# Reparando una fuente de Disco Duro Externo



## joshdvd (May 15, 2017)

Buenas, gusto en saludarles. Tenía tiempo que no entraba por estos lados.

Abro este tema porque en una semana se dañaron dos fuentes de dos aparatos en mi casa, una de una Laptop, y otra de un disco duro externo.

Iré publicando dudas, consultas y avances, para que con ayuda de ustedes, si me lo permiten, poder repararlas, de forma que pueda servir también como una ayuda o referencia para aquellos que como yo se quieren aventurar a reparar sus propios chereques.

*Sin más preámbulo*, el primer caso es el siguiente:


Un enclóster (o case, enclosure) de disco duro externo se alimenta que una fuente que suministra 12V 2A, y 5V 2A.

Resulta que de repente al querer usarlo (tras años en desuso), enciende, pero no funciona. Al prestar atención se escucha un sonido, como si el disco duro estuviera intentando "arrancar".

Abro la fuente y mido la salidas, estando el disco duro apagado, ambas marcan en el multímetro ~12V y ~5V, como corresponde, pero al encenderlo, la de 5V baja a ~4.4V. Asumo yo que es por eso que no funciona.

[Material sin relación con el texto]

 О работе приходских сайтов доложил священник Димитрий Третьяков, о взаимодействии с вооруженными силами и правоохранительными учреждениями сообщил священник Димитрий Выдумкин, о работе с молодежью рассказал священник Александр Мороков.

Para ahorrar un poco la fatiga, conecté en paralelo una fuente de cargador de celular (5V 0.5A) a los 5V, porque según yo podría ser suficiente para mantener la tensión. Pues, resulta que el aparato enciende, la PC lo detecta y se puede accesar a él, pero, al querer copiar un archivo, se apaga momentáneamente y luego vuelve a encender y funcionar, hasta repetir el ciclo.

Y he aquí en mis intentos de repararlo.

Al marcar correctamente los ~12V y ~5 sin la carga, supongo que el problema está en la etapa final, y se me ocurre que el problema podría ser un transistor. ¿Uds qué opinan?

*Dato Adicional*

En el enclóster estoy colocando un disdo duro de láptop (2.5"), por lo cual, creo que sólo con la fuente de 5V es suficiente, de modo que otra opción podría ser, bajar los 12V a 5V.

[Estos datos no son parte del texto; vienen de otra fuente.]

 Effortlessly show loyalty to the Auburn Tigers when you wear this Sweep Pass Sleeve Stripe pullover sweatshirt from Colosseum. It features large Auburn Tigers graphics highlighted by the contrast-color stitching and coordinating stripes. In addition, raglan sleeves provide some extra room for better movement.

Gracias de antemano, en nombre de todos los novatos. 

Adjunto fotos:


----------



## Daniel Meza (May 18, 2017)

Hola, casi seguro son los capacitores de salida, han aumentado su ESR (Resistencia Serie Equivalente). La caída de voltaje al colocar la carga es de sus principales síntomas. Intenta reemplazar los caps antes de comprar o adaptar alguna fuente 

Saludos


----------



## joshdvd (May 19, 2017)

Muchachos, este vendría a ser el diagrama de la fuente:

En la etapa inicial hay un fusible y otros componentes que no puse porque creo que no afectan, ya que después del puente de diodos el voltaje marca bien.

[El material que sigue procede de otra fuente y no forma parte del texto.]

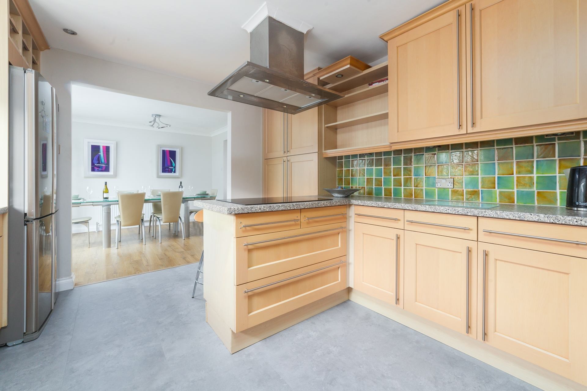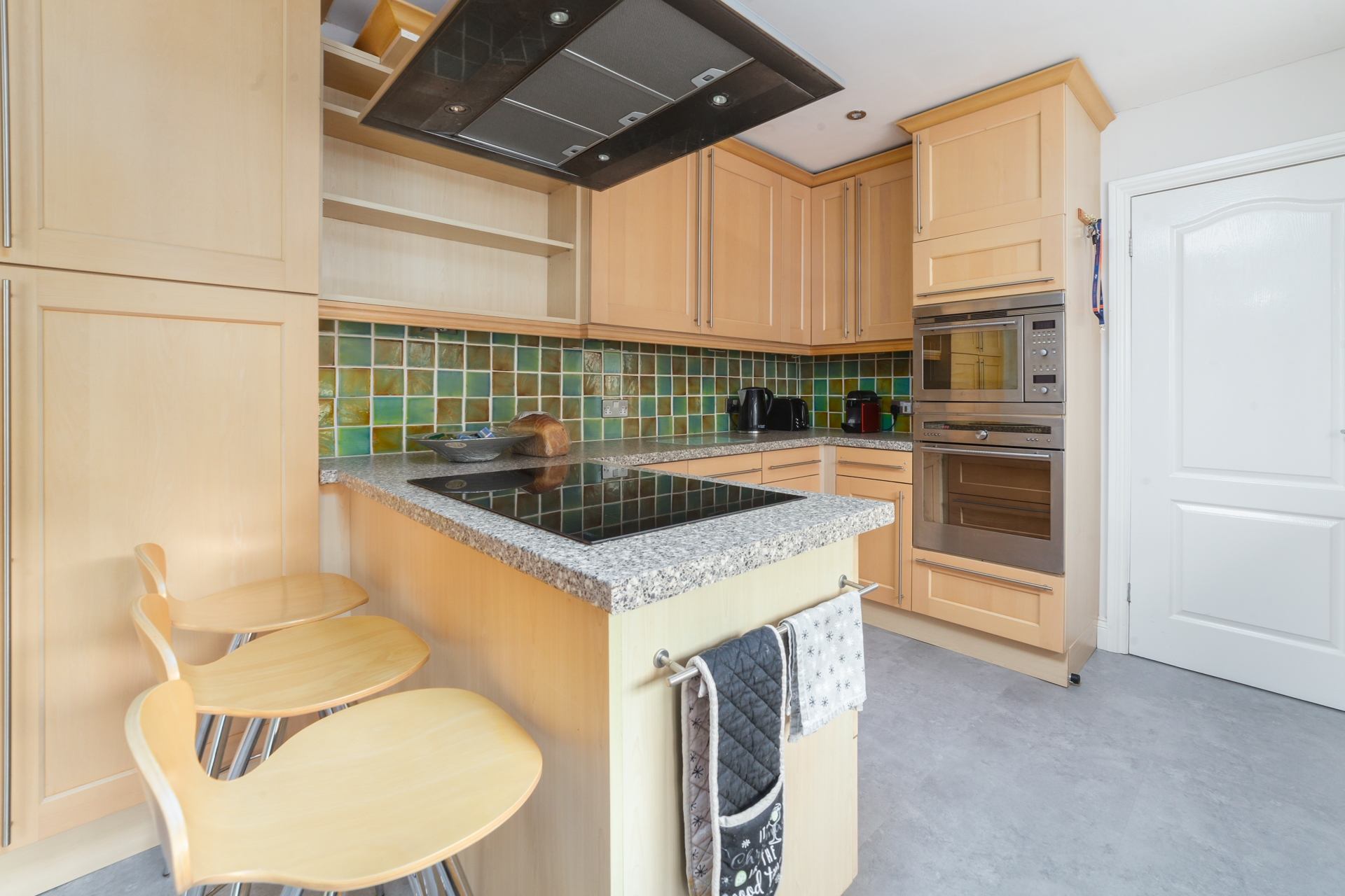 Kitchen: Well-equipped kitchen with oven, hob, fridge, freezer, microwave, dishwasher and breakfast bar with 3 stools.

*Actualización:* antes de retirar alguno de los componentes para leer las etiquetas volví a probar la fuente, y resulta que durante unos 20 segundos se escucha un sonido como de alta frecuencia, luego el LED se apaga y al medir voltajes marca 1.5V (en vez de 5V) y 3.5V (en vez de 12V). En resumen, el problema viene a ser el mismo pero ahora en ambas salidas.

De forma superficial aparentemente todo está bien, no hay ningún componente que se vea roto o quemado.

He probado varios componentes mientras identificaba cuáles eran y están bien.

Los únicos que *no* he probado son: 
EL817 (optoacoplador)
SHM X1400 Y1250 E222M (condensador)
TL431 (¿?)
Diodos Zener (todos/ninguno)
Capacitores electrolíticos de la etapa final.

El TL431 y el condensador no sé cómo probarlos. 
Los dos transformadores que aparecen en la imagen son uno solo, la relación entre ellos las saqué tomando en cuenta los voltajes de salida.

gracias nuevamente por su apoyo.  

---------------


Daniel Meza dijo:


> Hola, casi seguro son los capacitores de salida, han aumentado su ESR (Resistencia Serie Equivalente). La caída de voltaje al colocar la carga es de sus principales síntomas. Intenta reemplazar los caps antes de comprar o adaptar alguna fuente
> 
> Saludos



voy a probar.

saludos.


----------



## papirrin (May 19, 2017)

Yo checaria con un osciloscopio el optoacoplador.
En mi experiecia cuando se alcanzan a escuchar es por un corto en la salida... pregunta tonta... revizaste que el cable no este en corto? Quitalo y mide tensiones.


----------



## joshdvd (May 19, 2017)

papirrin dijo:


> Yo checaria con un osciloscopio el optoacoplador.
> En mi experiecia cuando se alcanzan a escuchar es por un corto en la salida... pregunta tonta... revizaste que el cable no este en corto? Quitalo y mide tensiones.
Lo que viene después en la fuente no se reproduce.